Nowadays, there are many sports equipment used at homes or in sports clubs, and there are many questions about the sports activities that a heart patient can do without endangering his/her health. We address the most common activities that are consistent with the nature of our community. A heart patient should, however, be aware of the danger signs that indicate the need to stop exercising.
Walking is a safe sport in terms of cardiovascular risks as well as joint diseases. It is a good activity for improving aerobic fitness and walking ability, and is simple in nature that allows most people to practice it. Adaptation to a walking program is often high, since walking does not require special skill, observation or special equipment, and it can be integrated into many lifestyles. The issue of patients' development of walking programs is decided according to the patient's physical ability and morbidity level. It is recommended to walk three to five times a day, twenty to thirty minutes, starting with five minutes and then increasing the time according to the patient’s endurance.
Although jogging is generally inappropriate or unfavorable for patients in the early stages of the disease, some individuals can evolve to a level where they can tolerate higher-intensity exercise. Heart patients who participate in a jogging program usually start with a short jogging period, alternating an equal distance of walking. When they develop further, they will walk less and jog more. However, it should be noted that many tests and research have shown that high intensity exercise is usually associated with a higher risk of other cardiovascular complications. Moreover, there is a strong relationship between high intensity activities (jogging) and bone and ankle injuries, especially for beginners, those who exercise for a long time, elderly, obese patients, and postmenopausal women.
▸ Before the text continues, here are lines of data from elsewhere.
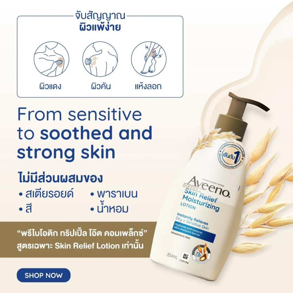 Aveeno Skin Relief Body Lotion 354 ml. อาวีโน่ สกิน รีลีฟ บอดี้ มอยส์เจอร์ไรซิ่ง บอดี้ โลชั่น 354 มล.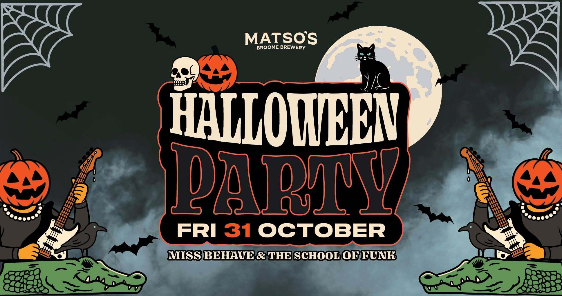 You're Invited to a Haunted Night of Fun! Join Matso's Broome for a Halloween Party full of frights, sights, and live delights! Friday 31st October from 7 PM until the witching hour at Matsos Broome Brewery. 💀 FEATURING: Live Music to wake the dead from MISS BEHAVE & THE SCHOOL OF FUNK from 7:30pm, Spooktacular Drinks & Bites, Costume Contest with Best Dressed Prizes, Costumes are strongly encouraged—the creepier, the better! Bring your boos and let’s raise some spirits!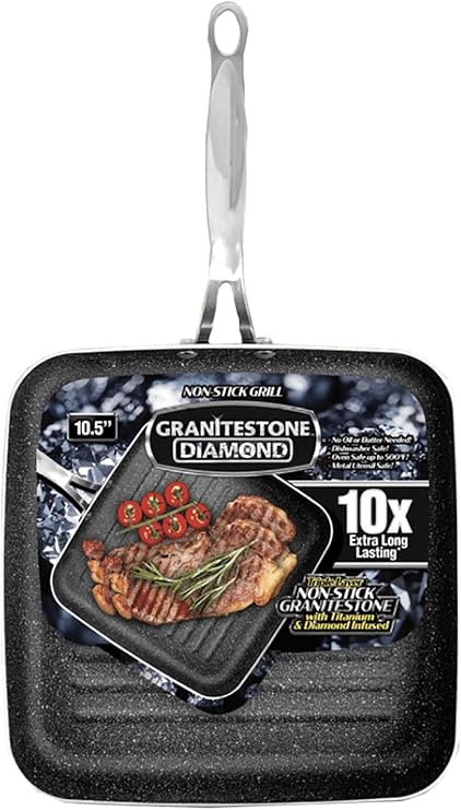 Amazon Com Granitestone 2594 Grill Pan 10 25 Nonstick And Scratchproof Stovetop Cookware Pfoa Free Oven Safe Dish Washer Safe 10x Extra Long Lasting As Seen On Tv Kitchen Dining

Therefore, it is preferable to do moderate-impact activities.
Using a stationary bike is one of the best activities that can be practiced at home as is the case with walking. Riding a stationary bike is an excellent circadian activity, requiring the use of the major muscle groups and which can stimulate the cardiovascular system to higher metabolic demands. The same elements of time and stages of development for the walking program can be used for using a stationary bike, with the resistance replacing the speed, according to the patient’s ability, and the effort should be light to moderate.
Stair climbing has always been an essential element in the daily lives of most people, and it is a routine as well. Given the development of stair climbers through controlling speed and resistance and making use of heart rate monitoring of modern devices, which facilitated stair climbing in training, the stair climber is now a safe and sound equipment for heart patients; however, the effort should be light to moderate according to patient’s ability.